Look through the material below and copy exactly the lines from the line with "This rectangular Emporio" to the line with "- Съемная меховая", those two lines included.

EXCERPTED RECORDS —
====

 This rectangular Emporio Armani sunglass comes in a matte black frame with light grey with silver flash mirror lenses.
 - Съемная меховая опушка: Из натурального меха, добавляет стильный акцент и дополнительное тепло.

====

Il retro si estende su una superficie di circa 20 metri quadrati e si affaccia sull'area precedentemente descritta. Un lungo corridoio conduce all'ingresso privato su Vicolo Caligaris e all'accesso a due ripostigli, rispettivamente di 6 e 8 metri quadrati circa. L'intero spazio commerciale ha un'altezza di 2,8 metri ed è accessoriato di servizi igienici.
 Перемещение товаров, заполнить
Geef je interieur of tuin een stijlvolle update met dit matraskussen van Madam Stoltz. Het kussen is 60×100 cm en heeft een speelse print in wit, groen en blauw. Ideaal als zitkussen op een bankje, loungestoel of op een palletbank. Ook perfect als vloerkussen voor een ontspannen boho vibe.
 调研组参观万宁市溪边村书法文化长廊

====

RESULT OF THE EXERCISE —
 This rectangular Emporio Armani sunglass comes in a matte black frame with light grey with silver flash mirror lenses.
 - Съемная меховая опушка: Из натурального меха, добавляет стильный акцент и дополнительное тепло.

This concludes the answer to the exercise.